И думали мы на тему о скуке долго, очень долго, до тех пор, пока сквозь давно немытые, отливавшие радугой оконные стекла не заметили маленькой перемены, происшедшей в круговороте вселенной: петух, стоявший около ворот на куче прошлогодней листвы и поднимавший то одну ногу, то другую (ему хотелось поднять обе ноги разом), вдруг встрепенулся и, как ужаленный, бросился от ворот в сторону.
– Кто-то идет или едет… – улыбнулся Докукин. – Хоть бы гостей нелегкая принесла. Все-таки повеселее бы…
Петух не обманул нас. В воротах показалась сначала лошадиная голова с зеленой дугой, затем целая лошадь, и, наконец, темная, тяжелая бричка с большими безобразными крыльями, напоминавшими крылья жука, когда последний собирается лететь. Бричка въехала во двор, неуклюже повернула налево и с визгом и тарахтеньем покатила к конюшне. В ней сидели две человеческие фигуры: одна женская, другая, поменьше – мужская.
– Черт возьми… – пробормотал Докукин, глядя на меня испуганными глазами и почесывая висок. – Не было печали, так вот черти накачали. Недаром я сегодня во сне печь видел.
– А что? Кто это приехал?
– Сестрица с мужем, чтоб их…
Докукин поднялся и нервно прошелся по комнате.

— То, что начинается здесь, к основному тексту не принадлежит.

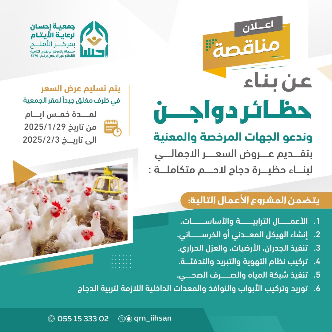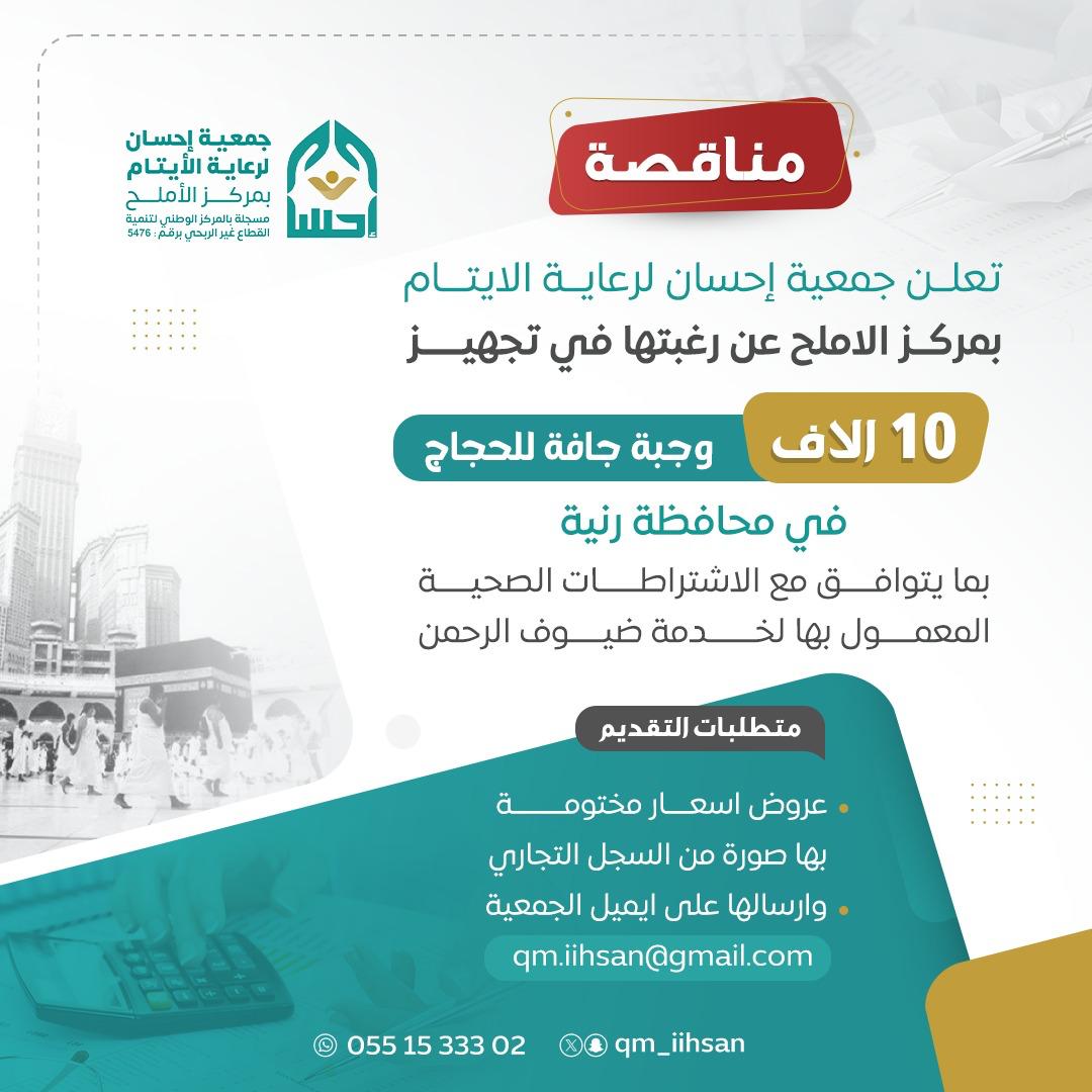 مناقصة: تعلن جمعية إحسان لرعاية الايتام مناقصة - للجهات المرخصة والمعنية - لمدة خمسة ايام من تاريخ الاعلان " ابتداء من 10 / 3 / 1447 وحتى تاريخ 15 / 3 / 1447 هـ

– Даже под сердцем похолодело… – проворчал он. – Грешно не иметь к родной сестре родственных чувств, но – верите ли? – легче мне с разбойничьим атаманом в лесу встретиться, чем с нею. Не спрятаться ли нам? Пусть Тимошка соврет, что мы на съезд уехали.
Докукин стал громко звать Тимошку. Но поздно было лгать и прятаться. Через минуту в передней послышалось шушуканье: женский бас шептался с мужским тенорком.
– Поправь мне внизу оборку! – говорил женский бас. – Опять ты не те брюки надел!
– Синие брюки вы дяденьке Василию Антипычу отдали-с, а пестрые приказали мне до зимы спрятать, – оправдывался тенорок. – Шаль за вами нести или тут прикажете оставить?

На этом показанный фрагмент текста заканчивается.